И дальше шли столбцы «Кто посетил», «Когда: дата и точное время прибытия и убытия», «Место жительства посетившего (по прослежке), присвоенная ему кличка».
(Поясню последние слова. Всякому фигуранту присваивалась кличка. Вот некоторые, почерпнутые мною из архивов: Очкарик, Худой, Лисичка, Рубашка, Хромой, Курносая, Мерин, Борода, Студент, Француз, Тросточка и пр.)
Соколов задумчиво почесал подбородок:
— Тэк-с, что тут в резюме за четыре дня? «Ежедневно в 9.45 к дому фигуранта Гершау, кличка Зубастый, подаётся казённый извозчик № 188. Извозчик приносит в дом четыре ведра воды из колонки, находящейся напротив, возле Мазуринской богадельни…» — Соколов удивился: — Да что ж, у него колодца нет, что ли?
— Выяснили у кухарки Плотицыной: колодец есть, но нынешней весной вода в нём испортилась. Но это к делу не относится.

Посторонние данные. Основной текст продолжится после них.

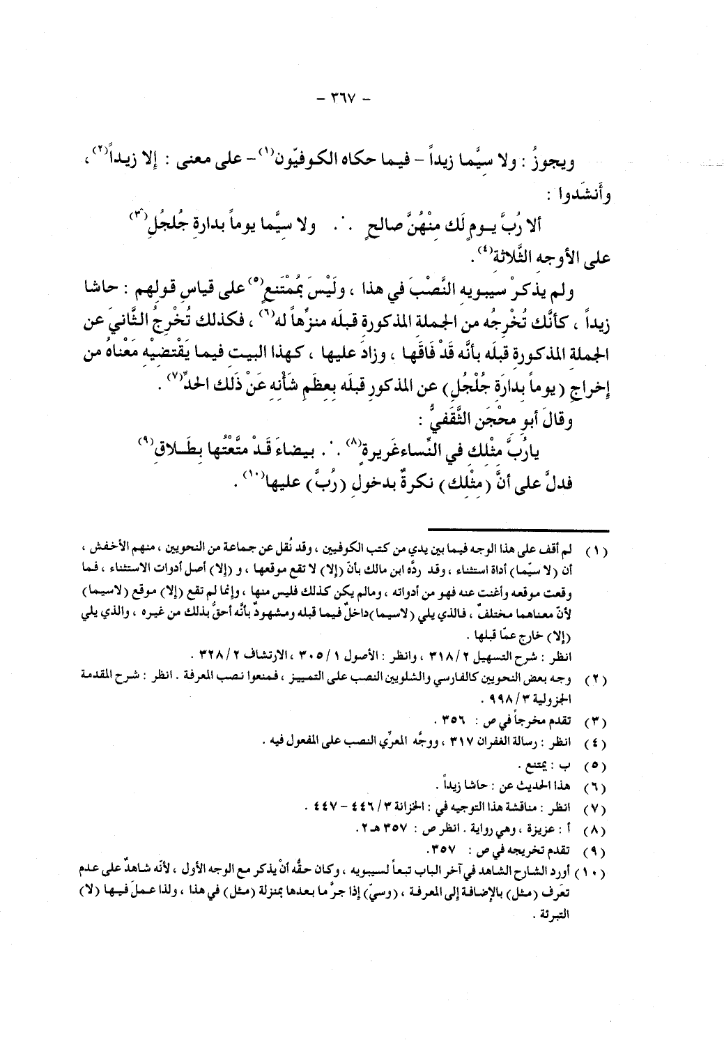 ولم يذكر سيبويه النصب في هذا، وليس بممتنع على قياس فولهم: حاشا زيدا، كأنك تخرجه من الجملة المذكورة قبله منزها له، فكذلك تخرج الثاني عن الجملة المذكورة قبله بأنه قد فاقها، وزاد عليها، كهذا البيت فيما يقتضيه معناه من إخراج (يوما بدارة جلجل) عن المذكور قبله بعظم شأنه عن ذلك الحد.
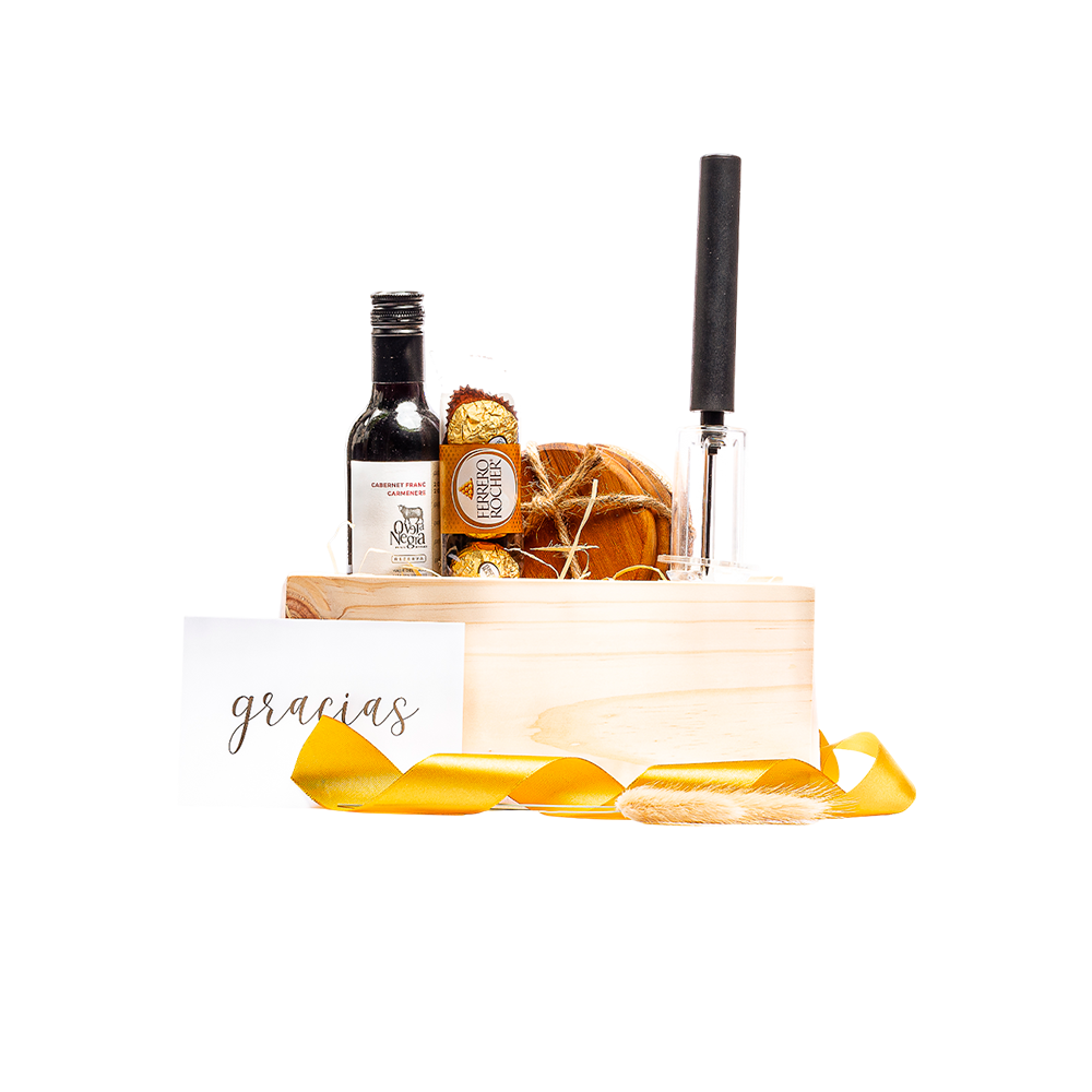 Empacado en canasta color rojo elaborada artesanalmente pequeña. Papel de relleno, listón, tarjetas personalizables y flor natural seca.

Читайте дальше.
— «Ровно в 10 утра Зубастый садится в коляску и убывает в сторону Яузских ворот».
Ясно, это на службу — полчаса самый раз доехать до Тверской площади.
Далее: «В течение круглых суток никто не входит и не выходит из дома Зубастого, дым из труб не идёт и никаких признаков жизни в доме не заметно». — Соколов пробежал сводку до конца, посмотрел на Мартынова: — Прибывал домой, как «Северный экспресс», ежедневно точно в шесть сорок пять. Немецкая точность! — Сыщик задумчиво почесал подбородок. — А почему такая разница: до службы — полчаса, обратно — сорок пять минут. Возвращается ведь той же дорогой?
Мартынов недовольно поморщился:
— Какие-то пятнадцать минут… Разве это имеет значение, граф?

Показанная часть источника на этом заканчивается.